*Data excerpts*:
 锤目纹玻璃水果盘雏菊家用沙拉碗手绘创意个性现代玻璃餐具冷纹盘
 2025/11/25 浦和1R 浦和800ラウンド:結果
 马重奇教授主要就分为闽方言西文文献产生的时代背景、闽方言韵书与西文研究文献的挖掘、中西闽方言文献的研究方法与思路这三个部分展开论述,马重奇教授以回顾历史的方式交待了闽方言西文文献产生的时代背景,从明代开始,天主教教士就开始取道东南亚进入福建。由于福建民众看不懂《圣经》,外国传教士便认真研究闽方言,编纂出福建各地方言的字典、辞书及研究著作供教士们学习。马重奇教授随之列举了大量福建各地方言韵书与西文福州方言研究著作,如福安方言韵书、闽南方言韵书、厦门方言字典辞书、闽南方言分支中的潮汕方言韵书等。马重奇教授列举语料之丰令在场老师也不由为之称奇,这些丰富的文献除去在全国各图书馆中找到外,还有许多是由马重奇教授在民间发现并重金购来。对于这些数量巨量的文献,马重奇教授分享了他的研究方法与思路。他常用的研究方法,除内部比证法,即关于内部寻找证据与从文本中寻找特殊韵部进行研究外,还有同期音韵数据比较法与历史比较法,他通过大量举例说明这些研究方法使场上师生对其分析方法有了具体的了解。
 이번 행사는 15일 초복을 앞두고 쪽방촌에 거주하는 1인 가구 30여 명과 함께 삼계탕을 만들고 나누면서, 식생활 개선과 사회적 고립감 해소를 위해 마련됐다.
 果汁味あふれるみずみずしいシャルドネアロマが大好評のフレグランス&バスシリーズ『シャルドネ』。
* * *
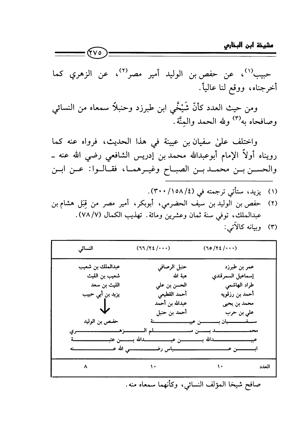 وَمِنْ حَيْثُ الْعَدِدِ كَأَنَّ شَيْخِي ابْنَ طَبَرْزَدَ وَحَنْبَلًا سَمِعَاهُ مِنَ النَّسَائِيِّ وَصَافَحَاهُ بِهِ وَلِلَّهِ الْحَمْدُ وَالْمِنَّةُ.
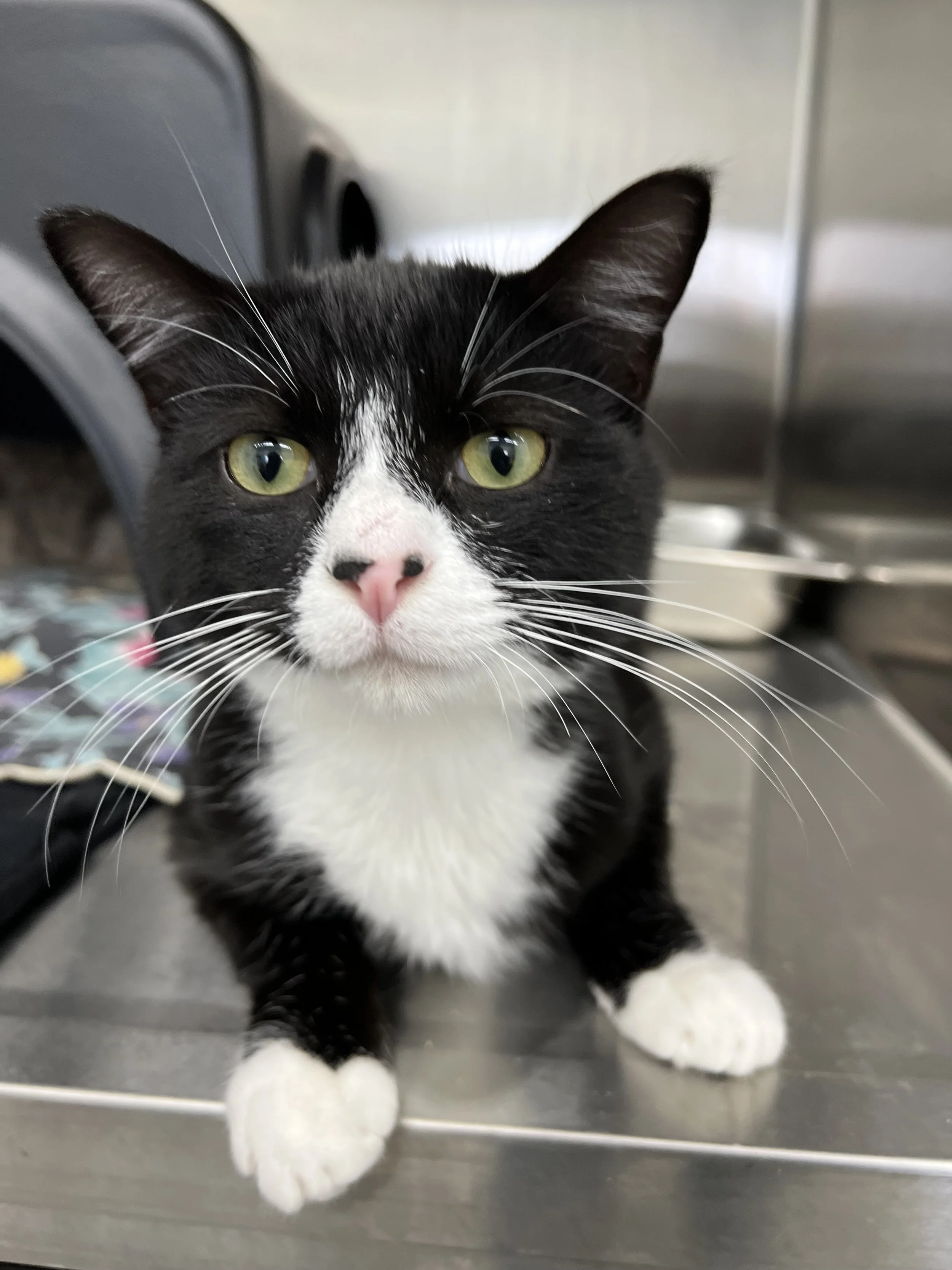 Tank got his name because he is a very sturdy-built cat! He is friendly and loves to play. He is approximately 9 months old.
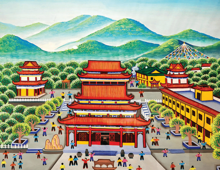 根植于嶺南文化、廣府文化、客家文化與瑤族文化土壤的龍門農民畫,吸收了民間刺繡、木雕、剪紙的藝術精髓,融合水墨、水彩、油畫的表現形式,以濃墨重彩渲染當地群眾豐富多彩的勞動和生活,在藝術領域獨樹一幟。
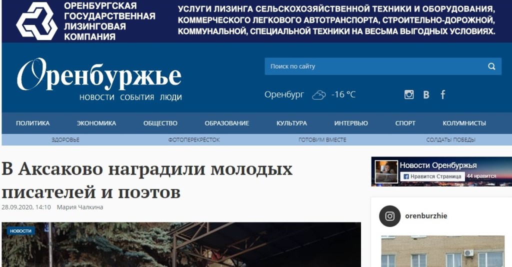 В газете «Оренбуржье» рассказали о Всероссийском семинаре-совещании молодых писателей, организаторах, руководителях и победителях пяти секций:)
==
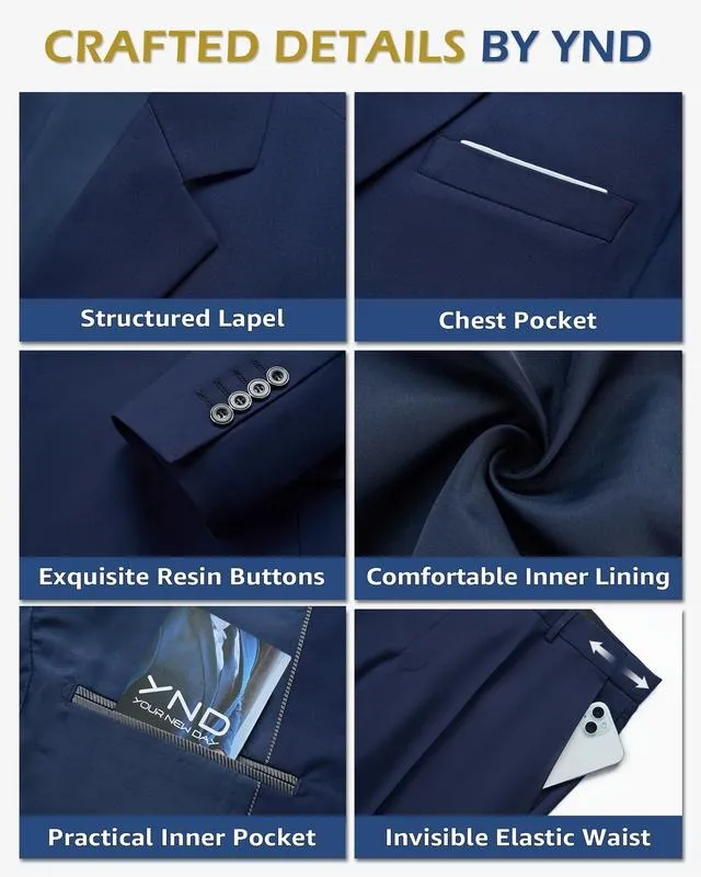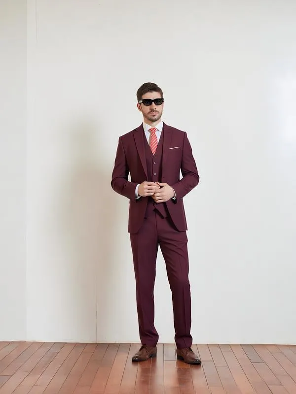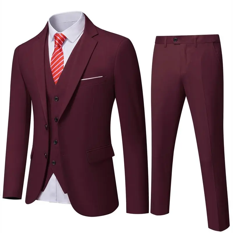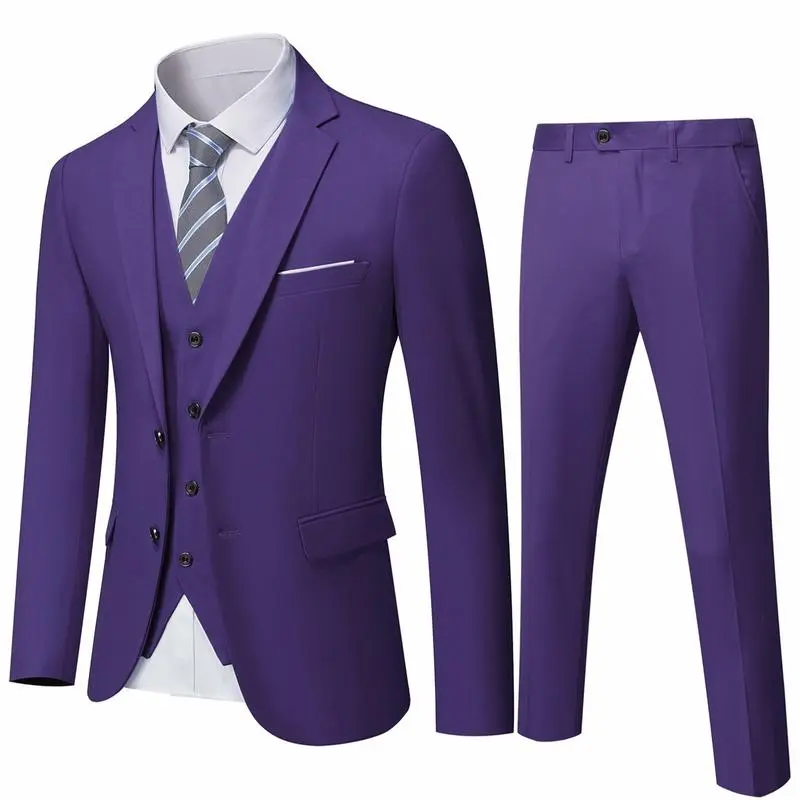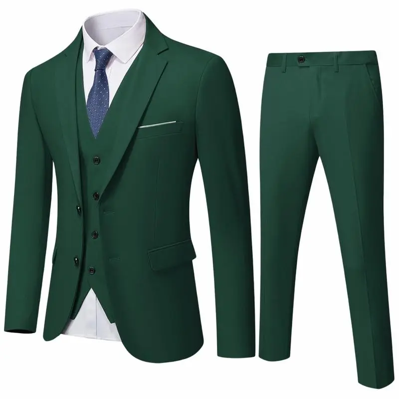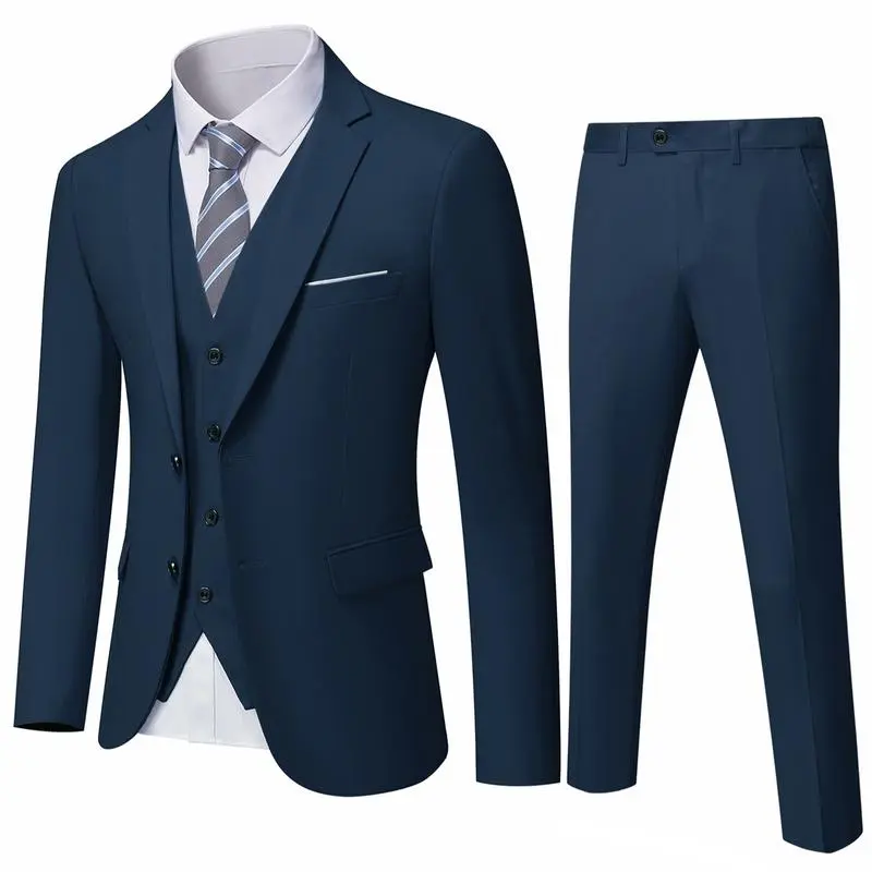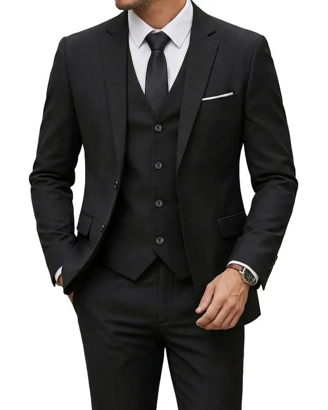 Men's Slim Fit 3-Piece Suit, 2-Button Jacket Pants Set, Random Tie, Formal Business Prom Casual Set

*Problem statement*:
Restate word for word the lines of the data above, starting at the line containing "2025/11/25 浦和1R 浦和800ラウンド:結果" and ending at the line containing "果汁味あふれるみずみずしいシ", both included, and nothing more.

*Response for this exercise*:
 2025/11/25 浦和1R 浦和800ラウンド:結果
 马重奇教授主要就分为闽方言西文文献产生的时代背景、闽方言韵书与西文研究文献的挖掘、中西闽方言文献的研究方法与思路这三个部分展开论述,马重奇教授以回顾历史的方式交待了闽方言西文文献产生的时代背景,从明代开始,天主教教士就开始取道东南亚进入福建。由于福建民众看不懂《圣经》,外国传教士便认真研究闽方言,编纂出福建各地方言的字典、辞书及研究著作供教士们学习。马重奇教授随之列举了大量福建各地方言韵书与西文福州方言研究著作,如福安方言韵书、闽南方言韵书、厦门方言字典辞书、闽南方言分支中的潮汕方言韵书等。马重奇教授列举语料之丰令在场老师也不由为之称奇,这些丰富的文献除去在全国各图书馆中找到外,还有许多是由马重奇教授在民间发现并重金购来。对于这些数量巨量的文献,马重奇教授分享了他的研究方法与思路。他常用的研究方法,除内部比证法,即关于内部寻找证据与从文本中寻找特殊韵部进行研究外,还有同期音韵数据比较法与历史比较法,他通过大量举例说明这些研究方法使场上师生对其分析方法有了具体的了解。
 이번 행사는 15일 초복을 앞두고 쪽방촌에 거주하는 1인 가구 30여 명과 함께 삼계탕을 만들고 나누면서, 식생활 개선과 사회적 고립감 해소를 위해 마련됐다.
 果汁味あふれるみずみずしいシャルドネアロマが大好評のフレグランス&バスシリーズ『シャルドネ』。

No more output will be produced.